Initial condition: we can verify that it is true for any $x \ge 997$.
Induction step: suppose it is true for any $x$ and some $y$ with $y < x$ and $y< 997$.
Then we need to distinguish the cases that $y$ is even or $y$ is odd.
When we fill in what we already have for $f(y)$ it follows that the given formula is also true for $f(y)$, which completes the proof.

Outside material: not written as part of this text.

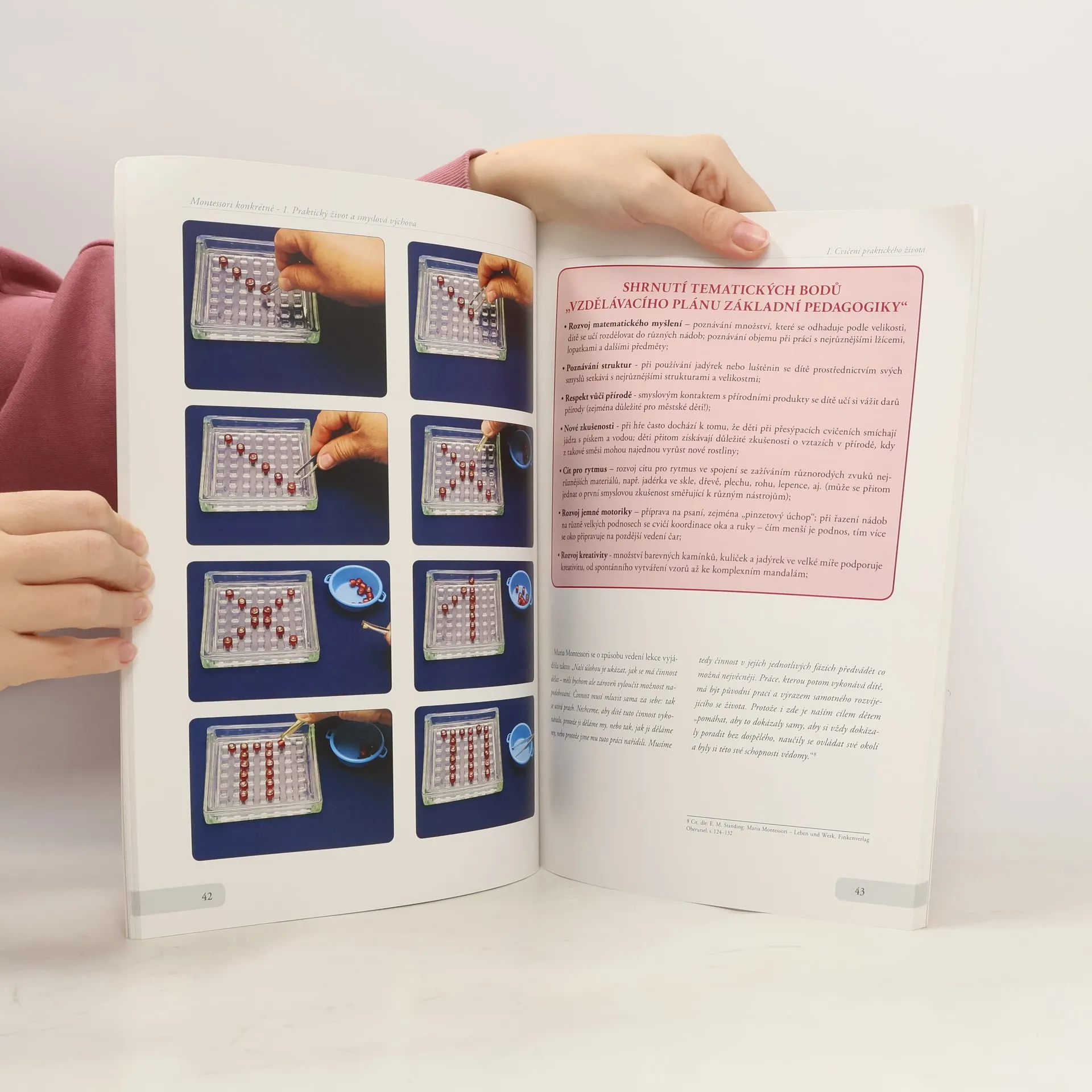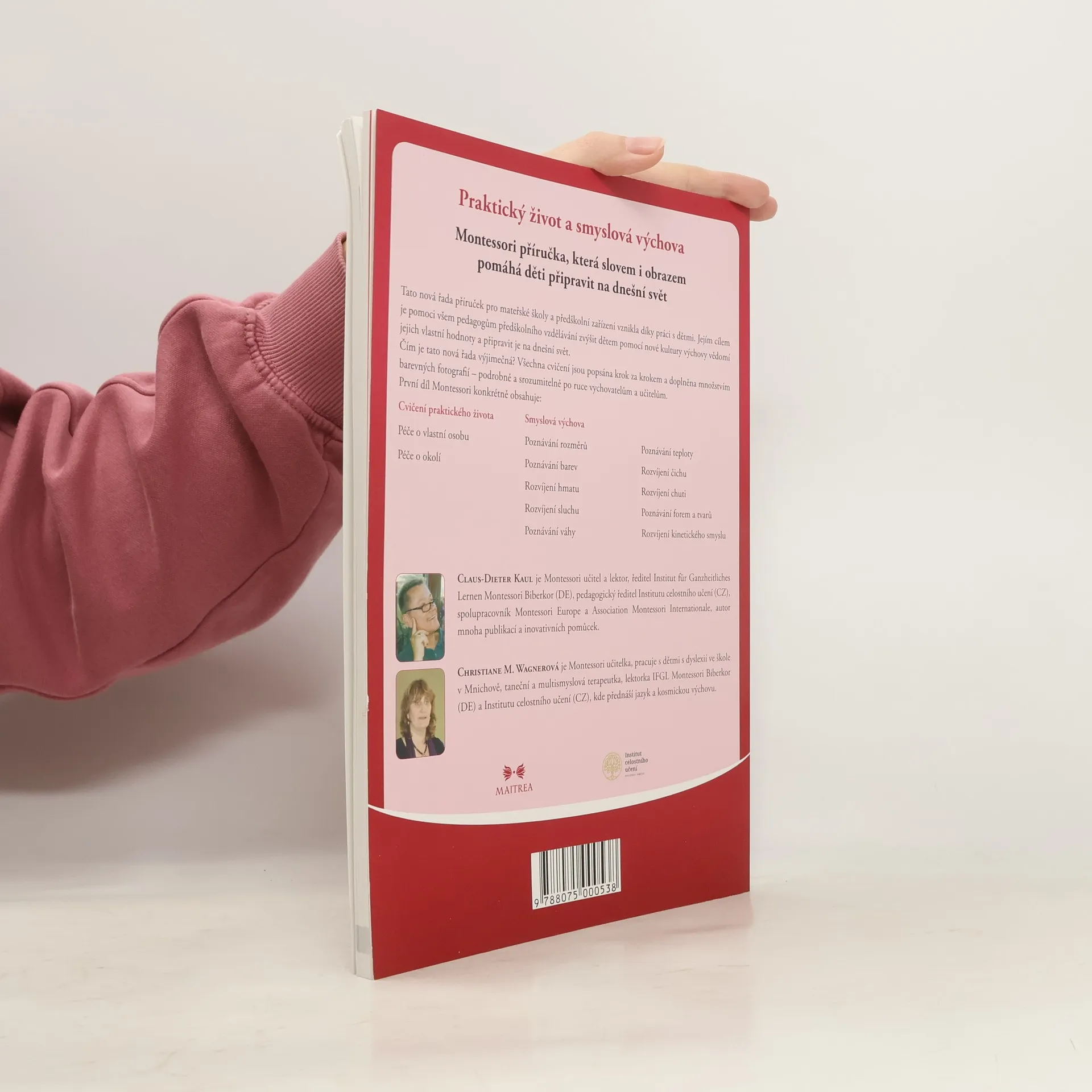Příručka celostního vzdělávání dětí – nápady pro praxi Tato nová řada příruček pro mateřské školy a předškolní zařízení vznikla díky práci s dětmi. Jejím cílem je pomoci všem pedagogům předškolního vzdělávání zvýšit pomocí nové kultury výchovy dětem vědomí jejich vlastní hodnoty a připravit je na dnešní svět. Čím je tato nová řada výjimečná? Všechna cvičení jsou popsána krok za krokem a doplněna množstvím barevných fotografií – podrobně a srozumitelně po ruce vychovatelům a učitelům. První díl Montessori konkrétně obsahuje: Cvičení praktického života - péče o vlastní osobu, péče o okolí, Smyslovou výchovu - poznávání rozměrů, poznávání barev, rozvíjení hmatu, rozvíjení sluchu, poznávání váhy, poznávání teploty, rozvíjení čichu, rozvíjení chuti, poznávání forem a tvarů, rozvíjení kinetického smyslu

Using the lemma we find that $f(84) = 997$.

 

[Albert1]

Spoiler

Lemma
$f(x)= \begin{cases}
x-3 & x \geq 1000 \\
997 & x<1000 \text{ and $x$ even} \\
998 & x<1000 \text{ and $x$ odd} \\
\end{cases} $

Proof
Use full induction going down.
Initial condition: we can verify that it is true for any $x \ge 997$.
Induction step: suppose it is true for any $x$ and some $y$ with $y < x$ and $y< 997$.
Then we need to distinguish the cases that $y$ is even or $y$ is odd.
When we fill in what we already have for $f(y)$ it follows that the given formula is also true for $f(y)$, which completes the proof.

Using the lemma we find that $f(84) = 997$.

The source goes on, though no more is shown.